My phone was vibrating on the table, doing a buzzing circle dance.
“How’s it going with the new roommate?” Jill asked.
“She isn’t here right now,” I said. “But I’m stuck at home. My mother has turned me into a slave-librarian.” I could hear splashing. “Why is Wallis staying with me instead of you?” I asked. “Maybe tomorrow she should stay at your house.”
“Nope. Not going to happen,” Jill said. “For some unknown reason, she seems to like you. I have a theory about this. Do you want to hear it?”
“Not really,” I said.
“I’ll tell you anyway. Whatever her situation is at home, even without all those guns being baked into loaves of bread, Wallis doesn’t like it. Maybe she’s lonely, or maybe her mom’s antisocial. So she’s decided to experiment. She’s developed a crush on your mom—that’s pretty obvious—and she’s trying her out. It’s a little fantasy.
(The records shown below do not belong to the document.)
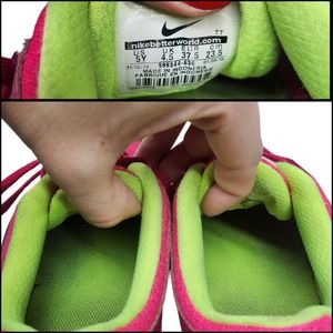 Good condition pink and neon green youth size 5 or will fit a womens 6.5 Nike tennis shoes. Very light wear on the exterior as shown with minimal blemishes, some wear on insoles as shown.
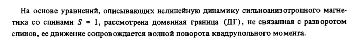На основе уравнений, описывающих нелинейную динамику сильноанизотропного магнетика со спинами 5 = 1, рассмотрена доменная граница (ДГ), не связанная с разворотом спинов, ее движение сопровождается волной поворота квадрупольного момента.
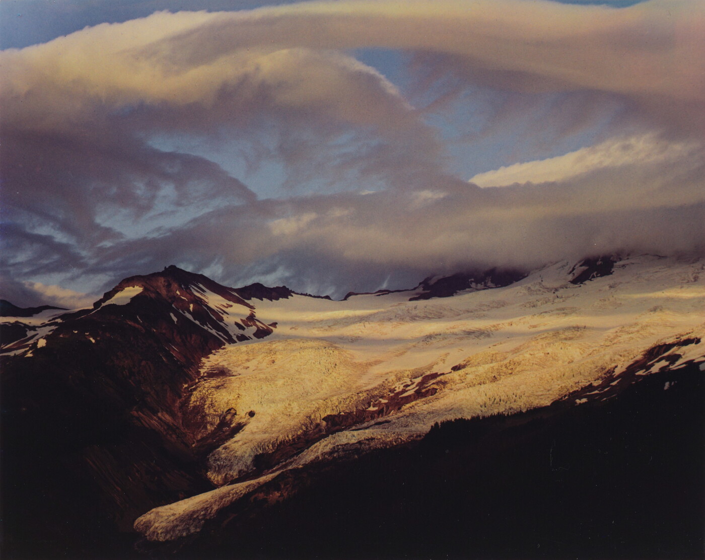 u.l. [stamp]: PHOTOGRAPH \ By \ ELIOT PORTER \ No. [in ink]: 75-570 \ [stamp]: Title [in ink]: Noctilucent clouds \ Mt. Baker, Washington
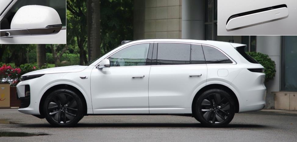 側面造型與L7相似度依然很高,由于軸距縮短,前后懸也同步縮短,比例接近。D柱的傾斜角度與L7也差不多,整體看來端莊得體。側窗造型對稱感很好,增加鍍鉻邊框提升檔次感,后門車窗依然是分段式,后方有固定窗,前方可開啟部分相比L7短了一截,不過車窗依然能開到底,很實用。細節上,集成了兩個攝像頭的后視鏡底座、前翼子板處的側后視攝像頭、整體隱藏彈出式門把手,都沒有變化。

You know:
What would it be like if I lived in an ordinary house and had a normal family and didn’t live in a railroad car by a crumbling tower?
”
“I never said she lived in a railroad car.” Jill was probably picturing Wallis as one of the kids in
The Boxcar Children
, catching fish in a stream and sweeping the pine planks of her home with a handmade broom. “I don’t think she has a
crush
on my mom,” I said. “But my mom definitely likes her. Probably because she’s polite. And neat. And smart. And not me.”
“Hey, maybe your mom will decide to adopt her,” Jill said. A whistle blew in the background. “Then you could
write your summer essay about what it’s like to have a sibling all of a sudden.”
I tried not to imagine my mother coming home with a set of bunk beds, or presenting Wallis and me with matching lunch boxes on the first day of school. “Wallis is too old to be adopted.”
“Oh no, she isn’t,” Jill said. “Haven’t you seen those sad little pictures of ‘waiting children’ on local TV? People give older kids up for adoption all the time. I think there’s a law that lets you drop them off in Nebraska.”
“Maybe I can buy her a one-way ticket there,” I said. I heard the clank of the cash box—the sound of Jill being useful and earning money.